Media Law Prof Blog

Editor: Christine A. Corcos
Louisiana State Univ.

Monday, October 10, 2016

Liebenau on What Intellectual Property Can Learn From Online Privacy, and Vice Versa

Diana Liebenau, Harvard Law School and Ludwig Maximilian University of Munich, is publishing What Intellectual Property Can Learn from Online Privacy, and Vice Versa in volume 30 of the Harvard Journal of Law & Technology. Here is the abstract.

On the one hand, we resort to intellectual property (IP) theory to justify a certain IP right or calibrate how a specific IP rule should be. Most commonly, we differentiate between three main theories: personhood, labor, and welfare, occasionally supplemented by interdisciplinary approaches. Some scholars portray these theories as categorically different; the traditional fault line runs between European-style deontological justifications based on Hegelian personhood or Lockean labor theories, and US-style utilitarian welfare theory. Others perceive their overall prescriptive power as limited. On the other hand, privacy law is also governed by theories defining, justifying and calibrating it. However, the theoretical backdrop is much more disaggregate: descriptive taxonomies compete with normative theories, of which no single classification appears to be universally accepted.
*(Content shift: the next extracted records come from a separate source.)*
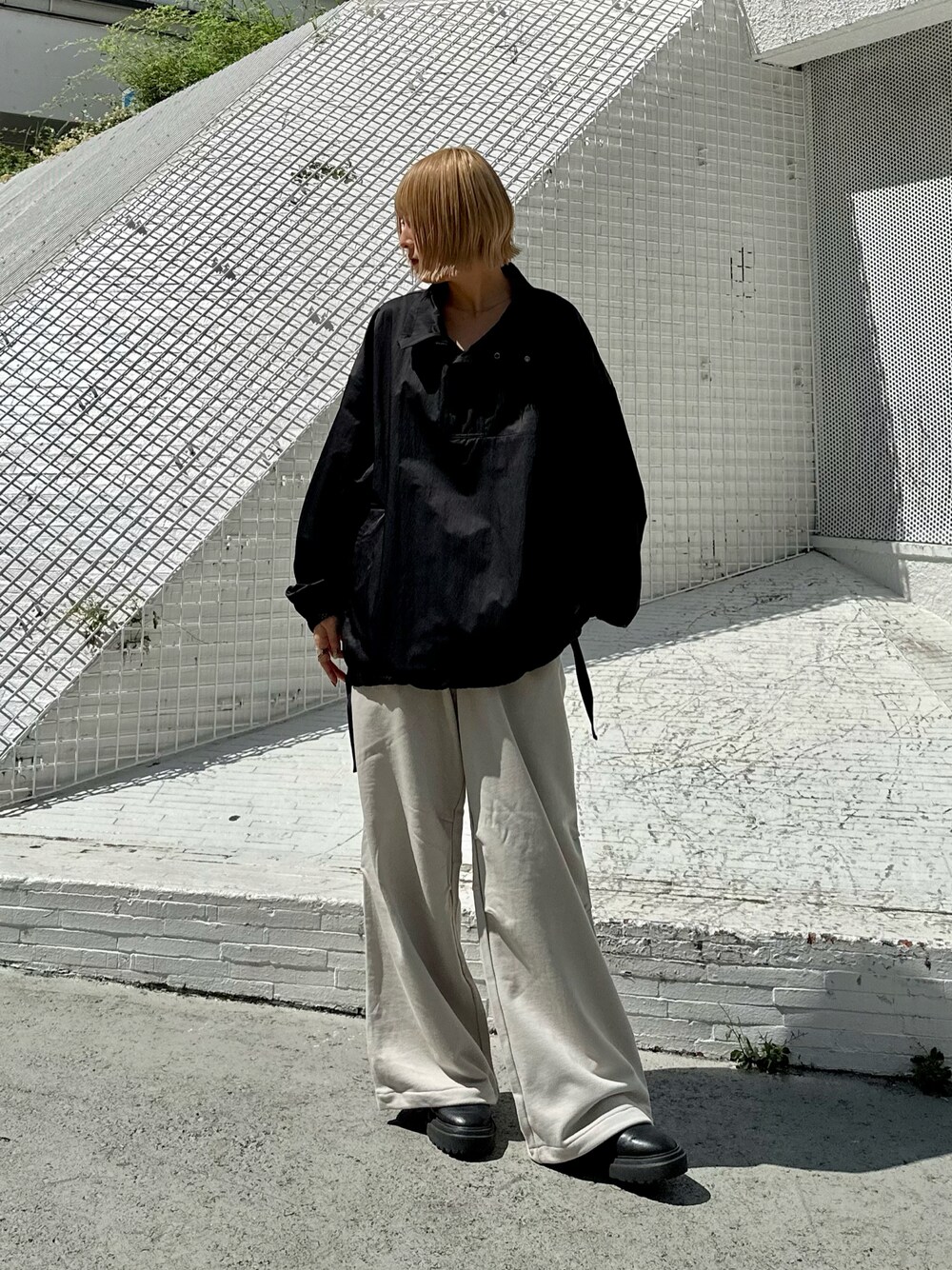 アノラック×スウェットパンツ トレンドアイテムを使ったモノトーンスタイリング🐼 パンツは裾を絞ることもできるので、スタイリングによって雰囲気を変えることができます◎ いいね、instagramフォローよろしくお願いします!
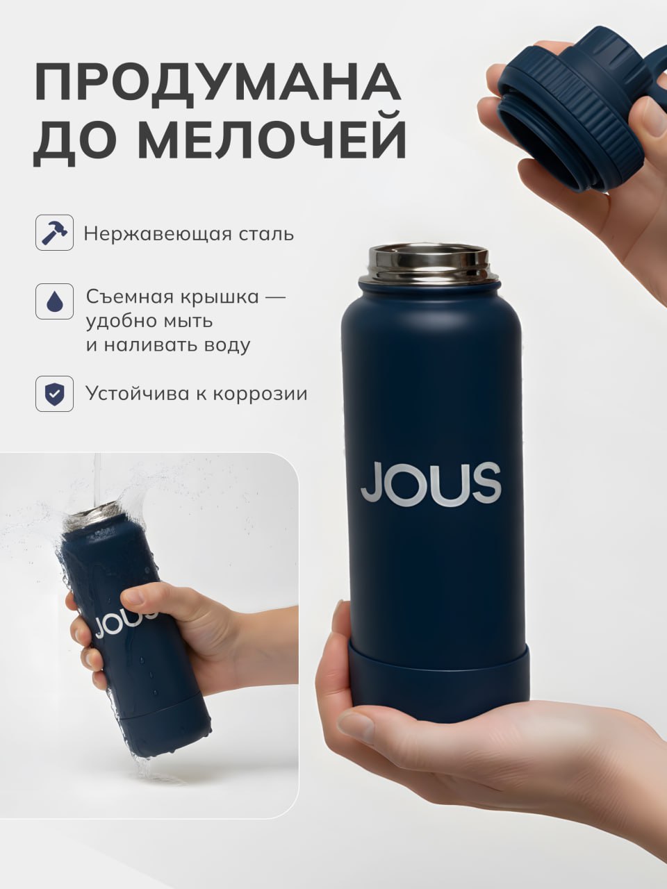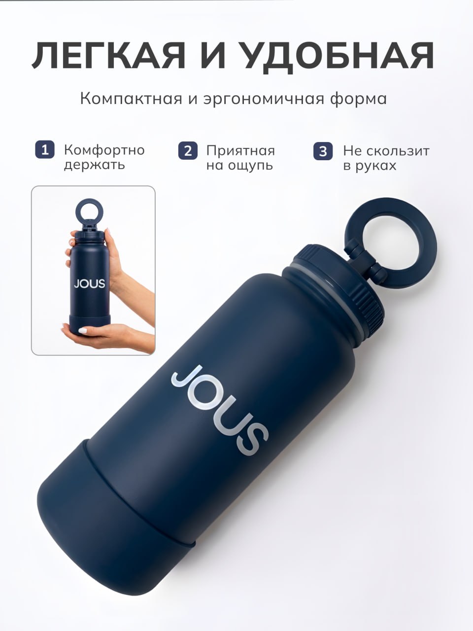 Термобутылка Jous — ваш идеальный спутник в активном образе жизни! Изготовленная из нержавеющей стали, она сохраняет напитки горячими или холодными до 12 часов, обеспечивая вам комфорт в любое время. Объем 1000 мл идеально подходит для повседневного использования, будь то тренировки, прогулки или путешествия.
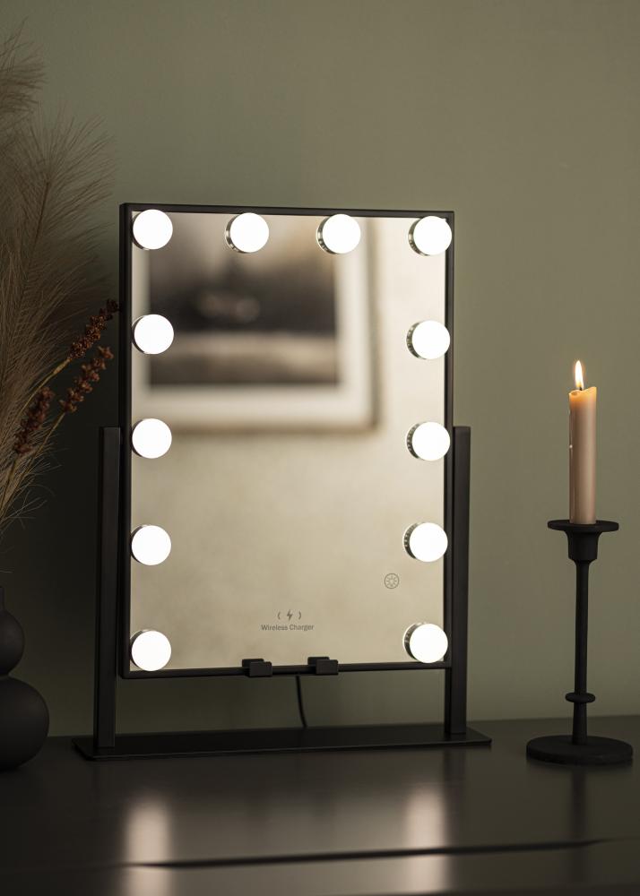 KAILA Sminkespeil Hollywood 12 med Trådløs Lader Svart 30x41 cm

In this Note, we will distinguish between three widely recognized theories of informational privacy which conceptualize privacy as control, limited access, and contextual integrity, respectively. But are there theories to analyze both IP and privacy? Intuitively, scholars have made a variety of arguments based on a structural parallelism of privacy and IP. Scholarship has also carefully dissected situations with converging or conflicting interests between IP and privacy. But these accounts are selective and do not rely on a common theory. Another line of scholarship uses the theories of IP in order to argue in favor of a property-style right in privacy interests. Apart from that, very few theoretical accounts use theories of IP address the privacy implications of IP. In contrast, this Note takes another path by proposing to apply to IP the three commonly accepted theories of privacy — control, limited access, and contextual integrity. Both IP and privacy law regulate the flow of information, and thus control thereof, access thereto, and context therein. To be sure, these theories on the flow of information do not “justify” IP. However, through this theoretically informed prism of structural parallelism of privacy and IP some murky policy questions become clearer, so that IP can draw lessons from online privacy, and conversely, online privacy can learn from IP.

The full text is not available from SSRN.